NULL checks are superflous here, but that should be a separate patch.

2009-04-24 08:50:38

[permalink] [raw]

Subject: Re: [PATCH 1/1] vfs: umount_begin BKL pushdown v2

On Fri, Apr 24, 2009 at 10:06:34AM +0200, Ingo Molnar wrote:
>
> You've not replied to my request (attached below) to put these
> trivial BKL-pushdown bits into a separate branch/tree and not into
> the VFS tree. You've now mixed that commit with other VFS changes.
>
> Had it been in a separate branch, and had we tested it, Linus could
> have pulled the trivial BKL pushdown bits out of normal merge order
> as well. That is not possible now.

It shouldn't be pushed out of order. It's a normal VFS locking change
and should be pushed with the next VFS push for 2.6.31.

> Furthermore, by doing this you are also hindering the
> tip:kill-the-BKL effort (which has been ongoing for a year chipping
> away at various BKL details) which facilitated these changes.
> Alessio did these fixes to fix bugs he can trigger in that tree.
>
> You've also not explained why you have done it this way. It would
> cost you almost nothing to apply these bits into a separate branch
> and merge that branch into your main tree. Lots of other maintainer
> are doing that.

Having a separate kill the BKL tree is a stupid idea. Locking changes
need deep subsystem knowledge and should always go through the subsystem
trees.

2009-04-24 09:16:33

by Frederic Weisbecker

[permalink] [raw]

Subject: Re: [PATCH 1/1] vfs: umount_begin BKL pushdown v2

2009/4/24 Christoph Hellwig <[email protected]>:
>> Furthermore, by doing this you are also hindering the
>> tip:kill-the-BKL effort (which has been ongoing for a year chipping
>> away at various BKL details) which facilitated these changes.
>> Alessio did these fixes to fix bugs he can trigger in that tree.
>>
>> You've also not explained why you have done it this way. It would
>> cost you almost nothing to apply these bits into a separate branch
>> and merge that branch into your main tree. Lots of other maintainer
>> are doing that.
>
> Having a separate kill the BKL tree is a stupid idea. Locking changes
> need deep subsystem knowledge and should always go through the subsystem
> trees.

I disagree with you.
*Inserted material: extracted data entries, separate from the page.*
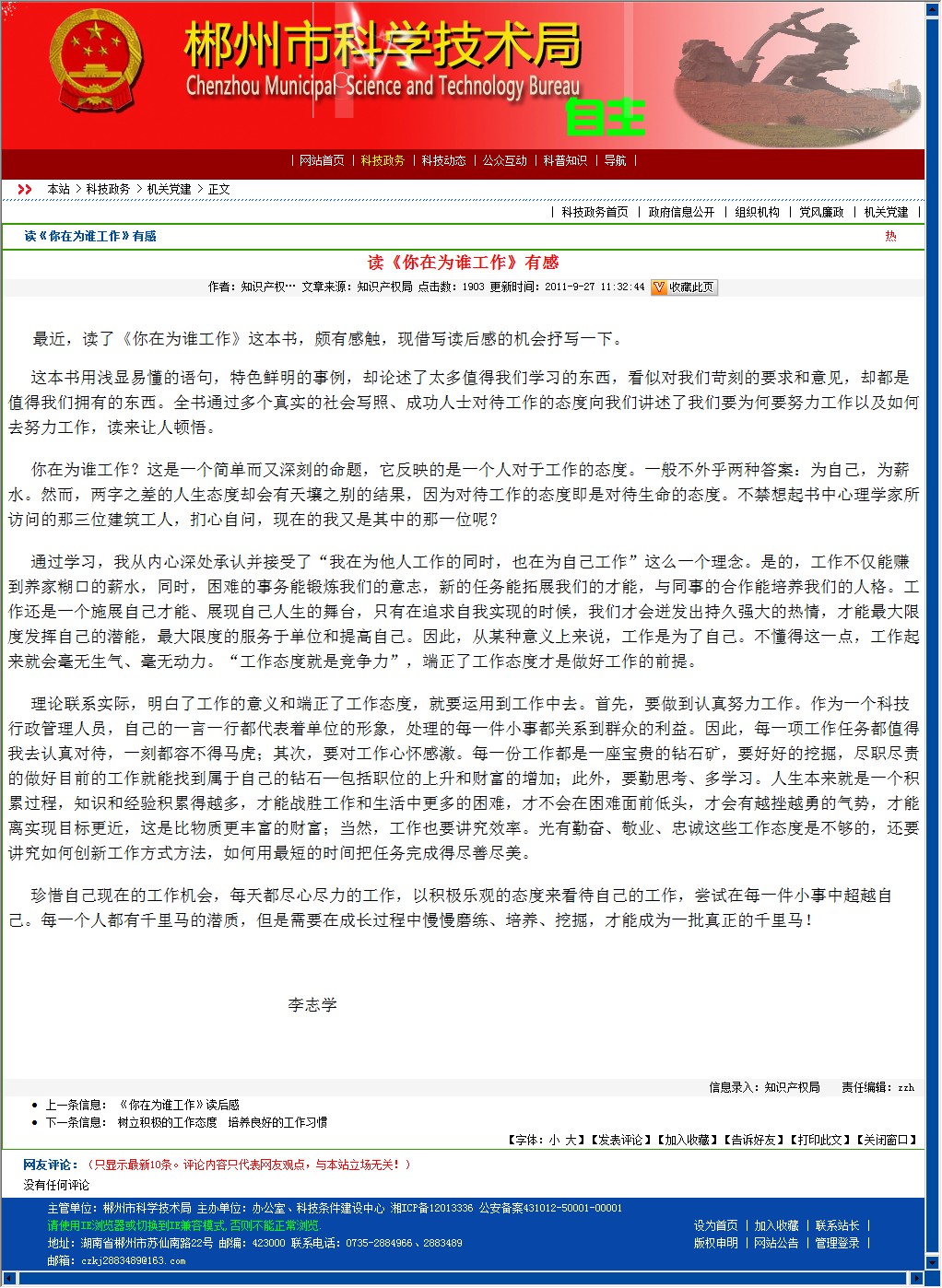 理论联系实际,明白了工作的意义和端正了工作态度,就要运用到工作中去。首先,要做到认真努力工作。作为一个科技行政管理人员,自己的一言一行都代表着单位的形象,处理的每一件小事都关系到群众的利益。因此,每一项工作任务都值得我去认真对待,一刻都容不得马虎;其次,要对工作心怀感激。每一份工作都是一座宝贵的钻石矿,要好好的挖掘,尽职尽责的做好目前的工作就能找到属于自己的钻石—包括职位的上升和财富的增加;此外,要勤思考、多学习。人生本来就是一个积累过程,知识和经验积累得越多,才能战胜工作和生活中更多的困难,才不会在困难面前低头,才会有越挫越勇的气势,才能离实现目标更近,这是比物质更丰富的财富;当然,工作也要讲究效率。光有勤奋、敬业、忠诚这些工作态度是不够的,还要讲究如何创新工作方式方法,如何用最短的时间把任务完成得尽善尽美。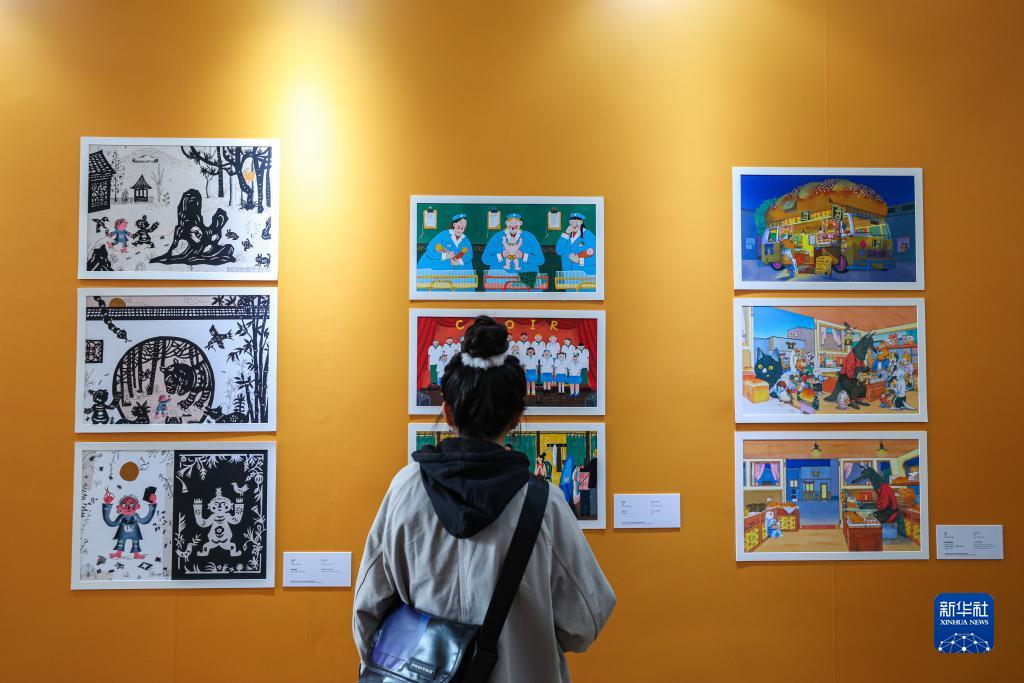 11月17日,參觀(guān)者在第十屆中國上海國際童書(shū)展現場(chǎng)觀(guān)看“2023金風(fēng)車(chē)國際青年插畫(huà)家大賽”參賽作品。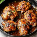 Now it’s glazing time! Pour the reserved marinade over the seared chicken in the skillet. Bring it to a gentle simmer while you enjoy that irresistible aroma filling your kitchen—it’s basically a hug in smell form! Once simmering, transfer the skillet into your preheated oven and bake for another 20-25 minutes until chicken reaches an internal temperature of 165°F (75°C).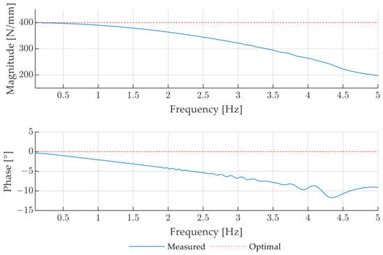 Ideally, the magnitude course equals the defined spring stiffness, and the phase delay is zero.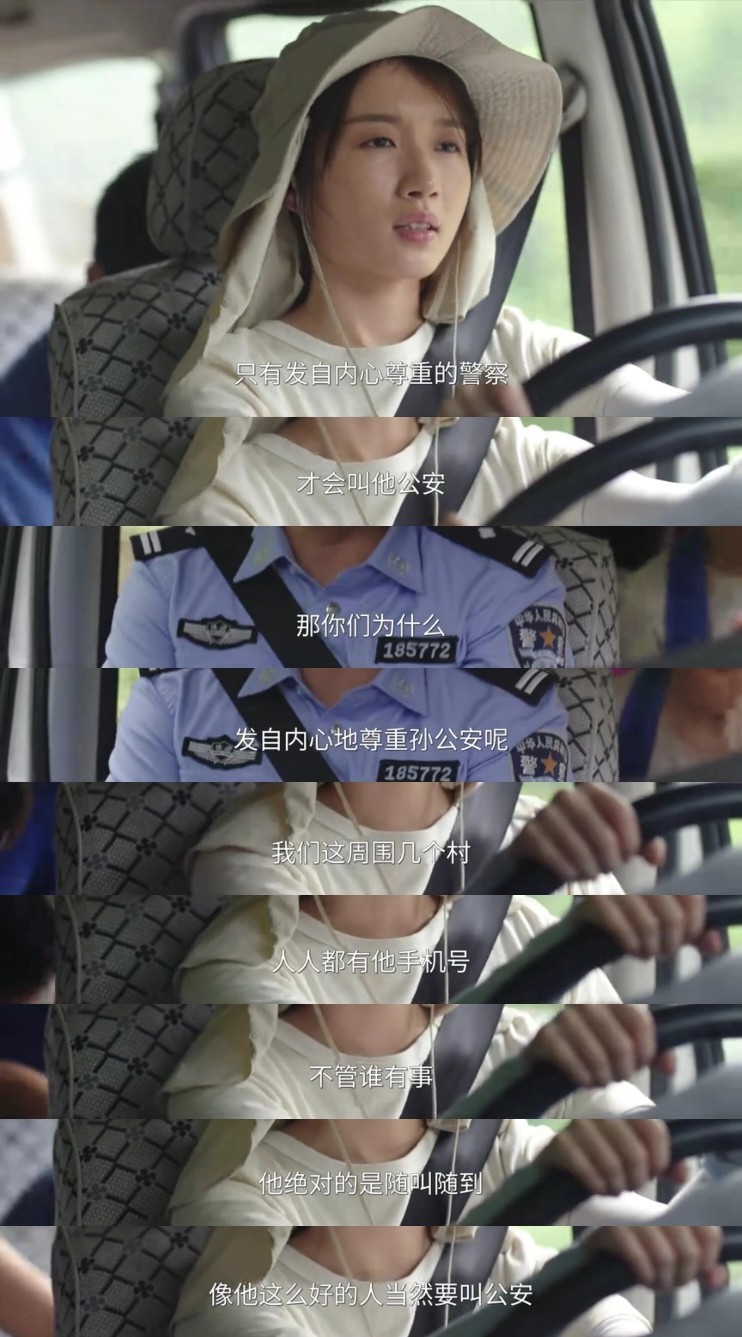 她在车上将常警官本人于孙公安作对比,详细讲了村民为何都发自内心地尊敬老孙,并称他为孙公安。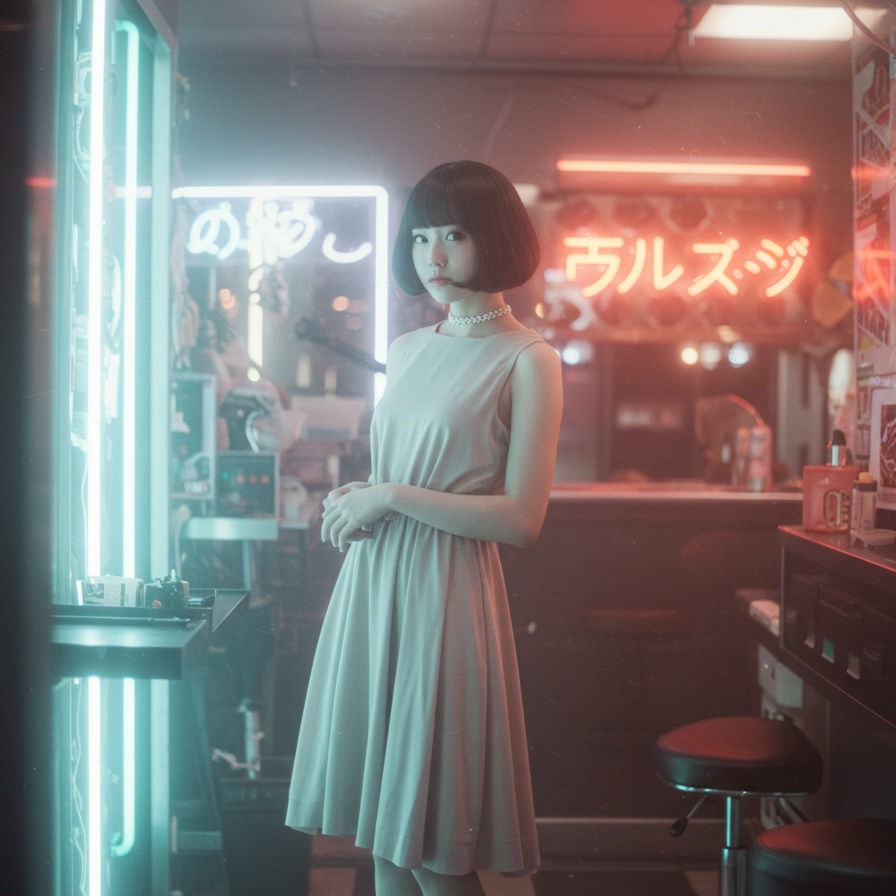 A 1980s Japanese pop song with warm analog synths, minimal piano melodies, jazzy chord progressions, kawaii future bass vibes, Sweet soft female vocals, A blend of avant-pop and electronic elements, with playful rhythm changes, gentle percussion, and emotional yet sophisticated atmosphere, The song feels like an artful conversation between acoustic and electronic sounds, nostalgic yet futuristic, Electro swing music blankets the entire area like silk snow, mellow, smooth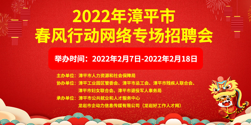 2022年漳平市春風行動網(wǎng)絡(luò)專場招聘會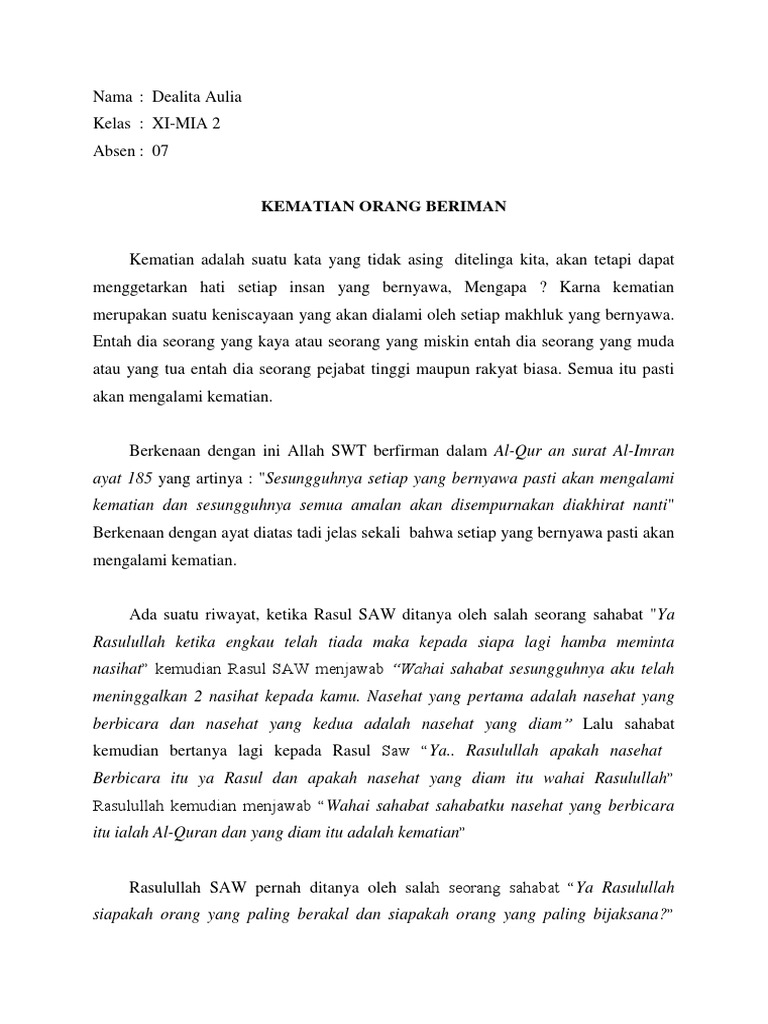 Za Dunia Kematian Kullunnafsin Zdaa Iqatulmaut Setiap Yang Bernyawa Pasti Mati Ada 3 Hah Dalam Kematian 1 Harta Kalau Ada 2 Keluawarga Dan Kaum Kerabat Teman Tetangga Kalau Masih Punya 3

The kill-the-BKL tree does not only aggregate patches
to turn the BKL into more traditional locks. The Bkl has been
converted to a common mutex in
this tree, making it losing its common horrid properties:

- release/reacquire on schedule
- not preemptable
- can be reacquired recursively by a same task

Such a basis is very useful because we can easily find these places
which won't support a usual lock conversion without reworking the
locking scheme.
This is a necessary preliminary for the Bkl removal.
All the places which have been designed very tightly with Bkl
properties are rapidly detected
with lockdep in this tree and reworked, still using lockdep, code
reviewing and the help of
this Bkl-to-mutex conversion.

The work done with this tree can be merged inside and also on the
matching subsytem tree for
each patchset. That's a very sane workflow IMHO.

Thanks,
Frederic.

2009-04-24 13:58:40

[permalink] [raw]

Subject: Re: [PATCH 1/1] vfs: umount_begin BKL pushdown v2

On Fri, Apr 24, 2009 at 10:06:34AM +0200, Ingo Molnar wrote:

> You've not replied to my request (attached below) to put these
> trivial BKL-pushdown bits into a separate branch/tree and not into
> the VFS tree. You've now mixed that commit with other VFS changes.
>
> Had it been in a separate branch, and had we tested it, Linus could
> have pulled the trivial BKL pushdown bits out of normal merge order
> as well. That is not possible now.
>
> Furthermore, by doing this you are also hindering the
> tip:kill-the-BKL effort (which has been ongoing for a year chipping
> away at various BKL details) which facilitated these changes.
> Alessio did these fixes to fix bugs he can trigger in that tree.
>
> You've also not explained why you have done it this way. It would
> cost you almost nothing to apply these bits into a separate branch
> and merge that branch into your main tree. Lots of other maintainer
> are doing that.
>
> So if you've done this by mistake, i'd like to ask you to reconsider
> and put these bits into a separate, stable-commit-ID branch. If
> you've done this intentionally, i'd like you to explain the reasons
> for it, instead of just doing it silently without explanation.
>
> Anwyay, if there's no resolution, i'll apply Alessio's fixes with a
> different commit ID, to not hold up the rather useful work that is
> going on in the kill-the-BKL tree. Later on i'll have to rebase that
> portion of the tree to avoid duplicate commit IDs. I just wanted to
> put it on the record why i have to do that rebase.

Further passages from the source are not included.